What you are asked to do:
Where the listing below reaches the line containing "临行前刘玉洪常务副站长把介绍", start writing out lines exactly, and stop once the line containing "Ms. Chen, also" has been written.

Exercise materials:

▬▬▬▬▬▬▬▬▬▬

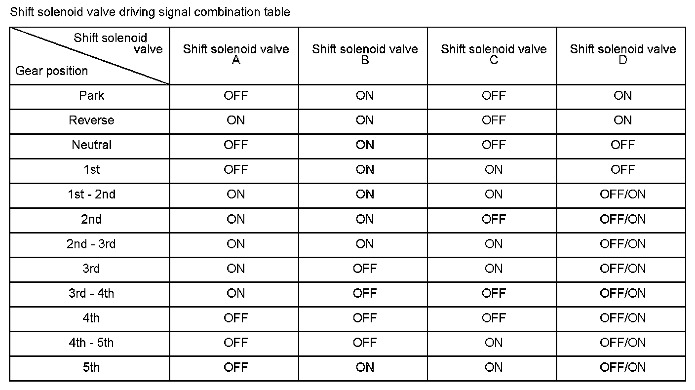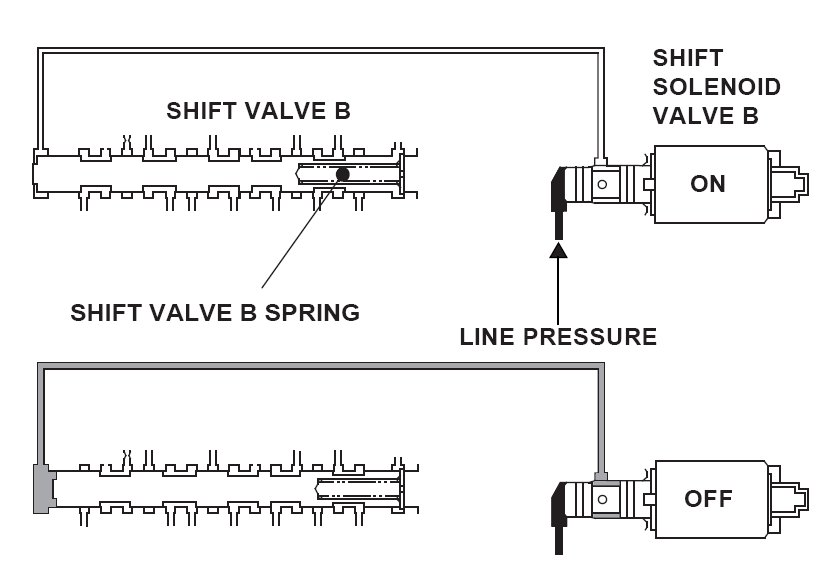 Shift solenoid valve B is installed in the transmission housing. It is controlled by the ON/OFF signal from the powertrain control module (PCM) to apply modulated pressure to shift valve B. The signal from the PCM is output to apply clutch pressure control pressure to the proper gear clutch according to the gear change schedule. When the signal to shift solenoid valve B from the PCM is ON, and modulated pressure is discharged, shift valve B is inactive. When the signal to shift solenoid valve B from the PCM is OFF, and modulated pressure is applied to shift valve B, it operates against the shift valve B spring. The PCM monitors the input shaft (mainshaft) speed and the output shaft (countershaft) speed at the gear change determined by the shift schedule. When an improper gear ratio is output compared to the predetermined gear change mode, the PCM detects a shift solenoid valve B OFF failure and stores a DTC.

▬▬▬▬▬▬▬▬▬▬

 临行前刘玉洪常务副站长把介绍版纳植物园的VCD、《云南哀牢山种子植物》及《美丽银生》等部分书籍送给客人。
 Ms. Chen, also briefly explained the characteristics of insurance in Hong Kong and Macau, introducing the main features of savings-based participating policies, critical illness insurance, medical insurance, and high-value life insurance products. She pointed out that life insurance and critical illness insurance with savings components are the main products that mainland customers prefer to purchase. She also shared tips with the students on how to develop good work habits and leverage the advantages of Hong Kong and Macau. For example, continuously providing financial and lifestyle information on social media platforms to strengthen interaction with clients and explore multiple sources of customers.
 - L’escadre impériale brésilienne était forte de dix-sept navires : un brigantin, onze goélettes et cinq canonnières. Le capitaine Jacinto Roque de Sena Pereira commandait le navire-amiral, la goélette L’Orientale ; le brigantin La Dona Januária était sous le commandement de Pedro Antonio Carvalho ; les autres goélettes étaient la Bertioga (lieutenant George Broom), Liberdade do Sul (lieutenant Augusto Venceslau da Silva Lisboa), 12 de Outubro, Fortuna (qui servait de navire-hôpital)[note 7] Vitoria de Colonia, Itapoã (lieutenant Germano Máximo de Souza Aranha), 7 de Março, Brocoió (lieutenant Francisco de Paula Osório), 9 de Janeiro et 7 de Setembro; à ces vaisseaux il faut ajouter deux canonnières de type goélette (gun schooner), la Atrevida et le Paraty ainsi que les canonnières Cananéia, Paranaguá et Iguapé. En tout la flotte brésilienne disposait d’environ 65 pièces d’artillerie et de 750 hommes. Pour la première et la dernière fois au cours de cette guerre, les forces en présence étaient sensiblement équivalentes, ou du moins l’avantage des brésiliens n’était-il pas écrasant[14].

▬▬▬▬▬▬▬▬▬▬

Result of the exercise:
 临行前刘玉洪常务副站长把介绍版纳植物园的VCD、《云南哀牢山种子植物》及《美丽银生》等部分书籍送给客人。
 Ms. Chen, also briefly explained the characteristics of insurance in Hong Kong and Macau, introducing the main features of savings-based participating policies, critical illness insurance, medical insurance, and high-value life insurance products. She pointed out that life insurance and critical illness insurance with savings components are the main products that mainland customers prefer to purchase. She also shared tips with the students on how to develop good work habits and leverage the advantages of Hong Kong and Macau. For example, continuously providing financial and lifestyle information on social media platforms to strengthen interaction with clients and explore multiple sources of customers.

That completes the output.